Tap water is drawn either from surface water, such as lakes and streams, or from groundwater. Your water supplier pumps water out of these sources, purifies it, and sends it through a series of pipes to your home. Your water supplier is required by EPA to send you a report on water quality every June, which should include a list of specific water sources. I tried to find your supplier on the web, and ended up at Aqua, a private water utility. Their latest report for the Main Division (which I think is you) says your water comes from "seven surface water sources and a number of groundwater sites," and mentions several creeks, including the Crum, Perkiomen, and Neshaminy. For exact information, you'll need to contact your water supplier or your state water office. The EPA's website has a deluge of water information including a Safe Drinking Water Query Form. All these sources should provide a steady stream of information about your water sources and test results -- which, as I've written previously, you may wish to view with a little skepticism.

After your utility pulls the water from lakes or aquifers, it removes poisons, bacteria, and sediments before it passes the water on to your home. They may use flocculation! Yay! New jargon inspires exclamation points! In the flocculation process, salts or polymers added to the water form little particles known as "floc," which attract sediment and cause it to settle out. Filtration is also an important step, as is disinfection (this is where chlorine is often added).
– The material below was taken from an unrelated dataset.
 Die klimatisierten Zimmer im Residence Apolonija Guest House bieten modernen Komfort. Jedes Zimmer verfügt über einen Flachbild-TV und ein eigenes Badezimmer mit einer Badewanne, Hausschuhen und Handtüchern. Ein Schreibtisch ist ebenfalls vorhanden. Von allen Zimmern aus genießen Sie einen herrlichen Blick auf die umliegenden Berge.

The feds require water to be tirelessly tested, from source to house, for the various residues and diseases which can make us ill. We do have excellent drinking water in the United States, and few of us die of typhoid, but all the filtration and testing does not stop certain contaminants from possibly floating in our water. A contaminant might bypass the system -- such as various pharmaceuticals, apparently, or your delivery pipes may leach lead into the final streaming of water to your tap.
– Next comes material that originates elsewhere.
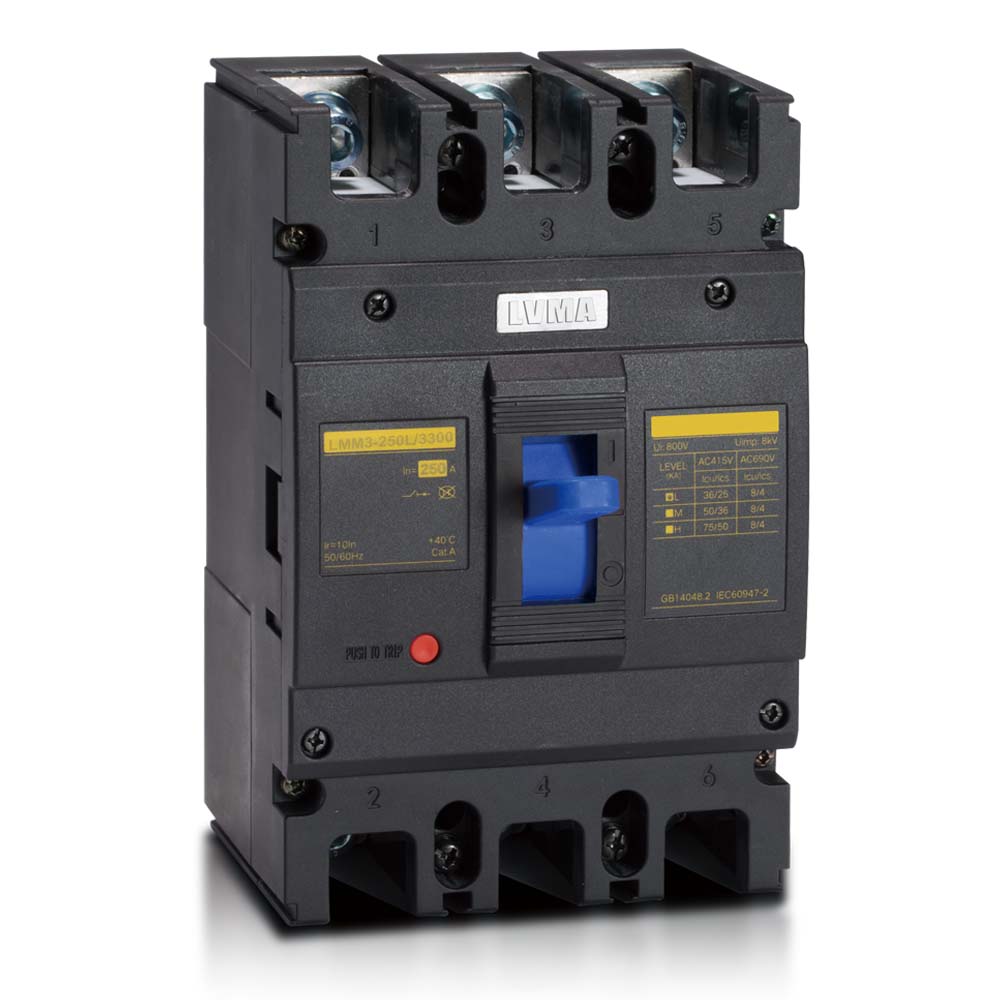 LMM3 MCCB has a rated insulation voltage of 800V and is suitable for circuits with AC 50Hz/60Hz, rated operating voltage 690V and below, and rated current up to 800A. It has overload, short circuit and undervoltage protection functions. It is divided into four categories: C type, L type, M type and H type according to the rated limit short circuit breaking capacity.

How can I work more puns into this river of information?

Any water that leaves the tap at your house will somehow make its way back to the water cycle, usually through the sewage line but maybe also through your perspiration, the evaporation of moisture from your laundry as it dries -- let's see, what else does Richard Scarry say -- the lawn and garden, and the bubbling of pasta water. If water goes down your drain, and you do not have a graywater or blackwater reclamation system, it all goes into the sewage pipes. From there, it goes into a septic tank or a municipal wastewater treatment system.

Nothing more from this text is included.